**Instructions to follow**
Take the material below and extract the lines from the one with "Chicken & egg" through the one with "- Les couches", word for word, without pictures.

**Stored data**
#####

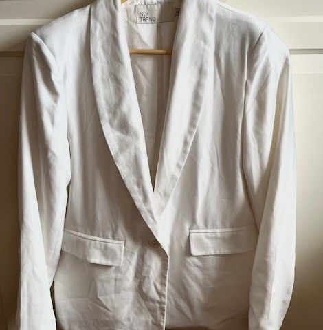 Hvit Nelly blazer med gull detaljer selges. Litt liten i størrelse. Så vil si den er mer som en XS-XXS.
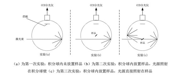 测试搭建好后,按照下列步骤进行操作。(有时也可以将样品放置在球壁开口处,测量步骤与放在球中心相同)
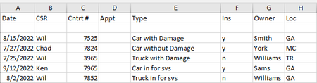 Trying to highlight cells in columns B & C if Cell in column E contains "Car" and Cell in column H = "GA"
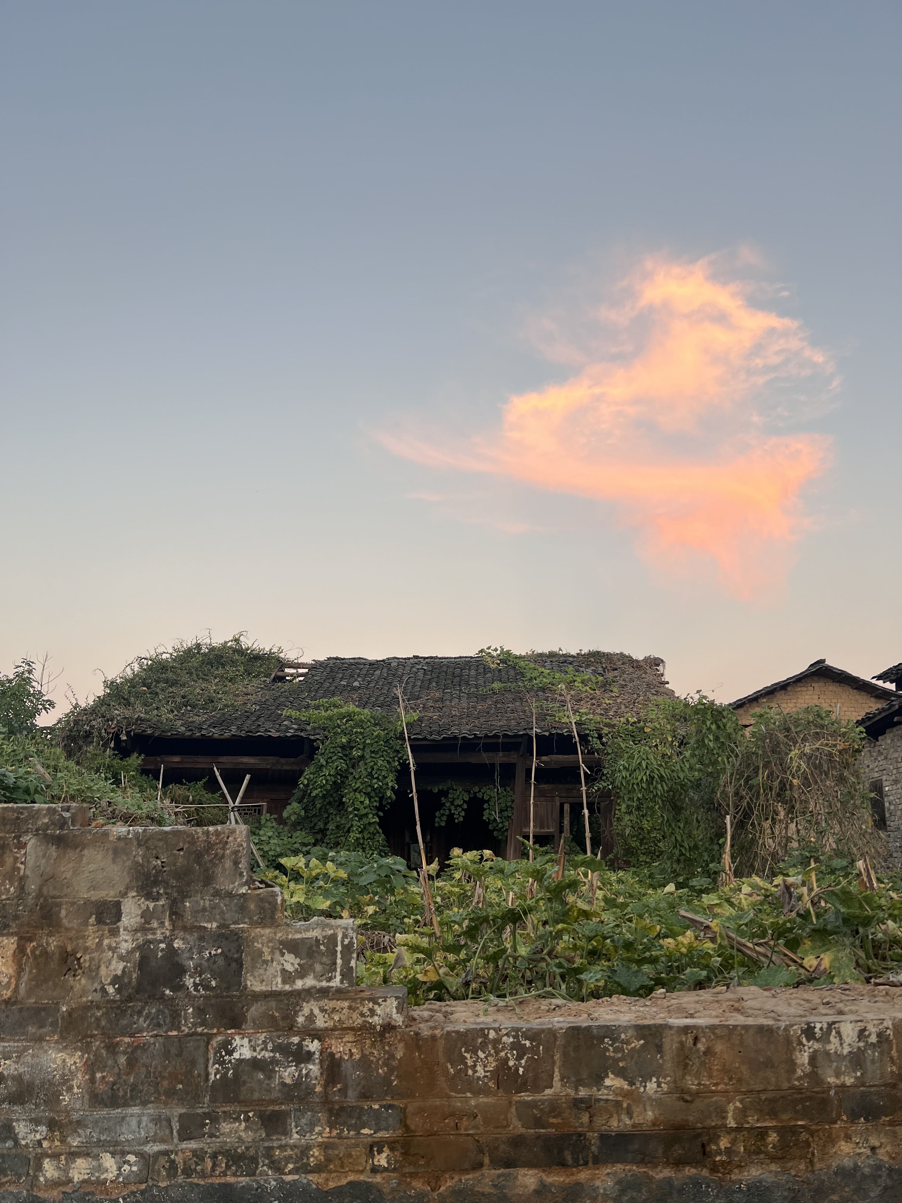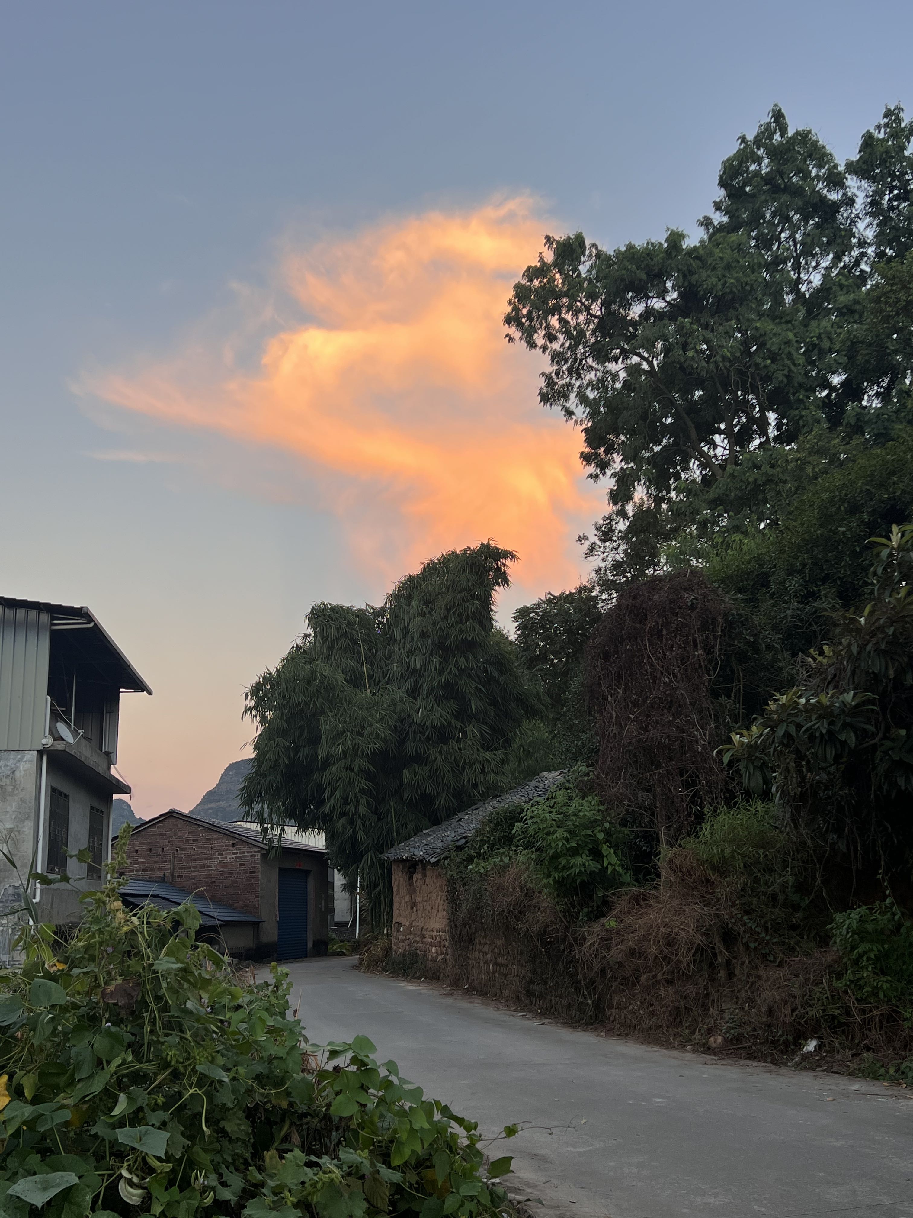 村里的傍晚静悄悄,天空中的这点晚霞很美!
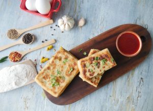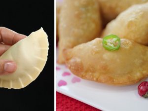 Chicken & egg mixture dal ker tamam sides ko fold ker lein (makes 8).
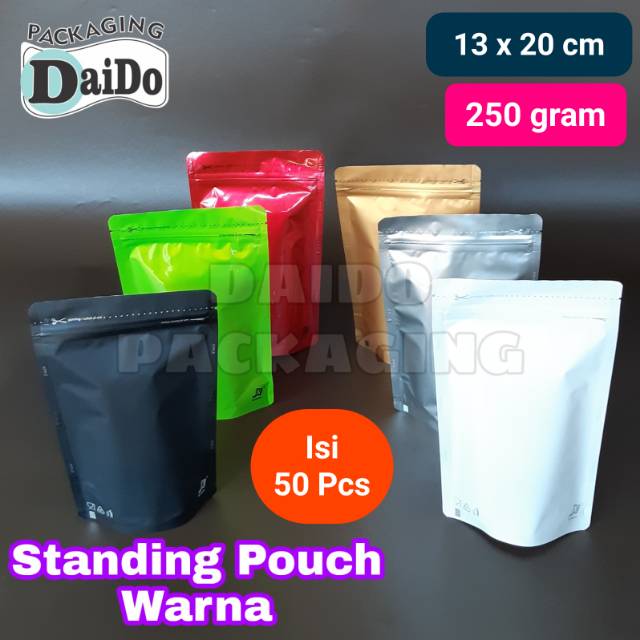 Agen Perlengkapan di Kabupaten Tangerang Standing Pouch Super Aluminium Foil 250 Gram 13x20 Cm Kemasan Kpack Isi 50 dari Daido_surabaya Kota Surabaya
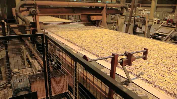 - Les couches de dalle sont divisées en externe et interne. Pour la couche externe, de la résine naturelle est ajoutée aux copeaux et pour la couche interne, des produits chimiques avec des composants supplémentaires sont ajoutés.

#####

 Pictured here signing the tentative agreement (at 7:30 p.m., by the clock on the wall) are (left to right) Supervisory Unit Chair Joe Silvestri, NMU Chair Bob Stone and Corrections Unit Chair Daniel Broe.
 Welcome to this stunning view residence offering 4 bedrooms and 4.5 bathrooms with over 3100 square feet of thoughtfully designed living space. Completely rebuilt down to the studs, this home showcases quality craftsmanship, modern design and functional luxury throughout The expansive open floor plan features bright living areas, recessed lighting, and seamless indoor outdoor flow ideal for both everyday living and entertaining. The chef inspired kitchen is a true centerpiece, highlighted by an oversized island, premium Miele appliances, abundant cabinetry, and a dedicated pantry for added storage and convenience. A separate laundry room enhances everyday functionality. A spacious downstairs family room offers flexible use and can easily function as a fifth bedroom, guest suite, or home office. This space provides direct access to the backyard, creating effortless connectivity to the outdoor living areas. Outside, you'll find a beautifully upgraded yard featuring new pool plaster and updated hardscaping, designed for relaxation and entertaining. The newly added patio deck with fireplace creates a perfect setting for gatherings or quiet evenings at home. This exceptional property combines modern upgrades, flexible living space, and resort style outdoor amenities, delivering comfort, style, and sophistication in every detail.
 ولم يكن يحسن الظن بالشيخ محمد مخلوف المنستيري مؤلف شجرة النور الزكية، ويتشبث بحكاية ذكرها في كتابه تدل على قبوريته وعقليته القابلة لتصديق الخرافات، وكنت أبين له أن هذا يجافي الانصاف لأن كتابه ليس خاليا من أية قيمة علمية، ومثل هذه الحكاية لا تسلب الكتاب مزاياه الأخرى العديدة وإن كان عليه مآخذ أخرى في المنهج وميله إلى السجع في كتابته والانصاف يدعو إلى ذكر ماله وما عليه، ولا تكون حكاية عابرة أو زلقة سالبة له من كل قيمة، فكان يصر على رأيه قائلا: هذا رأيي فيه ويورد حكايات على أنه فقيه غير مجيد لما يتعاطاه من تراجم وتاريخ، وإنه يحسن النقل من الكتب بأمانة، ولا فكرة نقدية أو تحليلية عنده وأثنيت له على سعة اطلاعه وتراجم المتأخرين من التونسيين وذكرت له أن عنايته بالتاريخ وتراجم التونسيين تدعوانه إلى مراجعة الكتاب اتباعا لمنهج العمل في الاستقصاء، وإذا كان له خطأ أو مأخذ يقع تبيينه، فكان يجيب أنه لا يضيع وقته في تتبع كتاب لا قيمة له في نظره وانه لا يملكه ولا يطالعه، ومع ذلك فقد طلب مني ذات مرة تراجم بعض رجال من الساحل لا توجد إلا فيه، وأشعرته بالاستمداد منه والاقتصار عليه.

#####

**Result**
 Chicken & egg mixture dal ker tamam sides ko fold ker lein (makes 8).
 Agen Perlengkapan di Kabupaten Tangerang Standing Pouch Super Aluminium Foil 250 Gram 13x20 Cm Kemasan Kpack Isi 50 dari Daido_surabaya Kota Surabaya
 - Les couches de dalle sont divisées en externe et interne. Pour la couche externe, de la résine naturelle est ajoutée aux copeaux et pour la couche interne, des produits chimiques avec des composants supplémentaires sont ajoutés.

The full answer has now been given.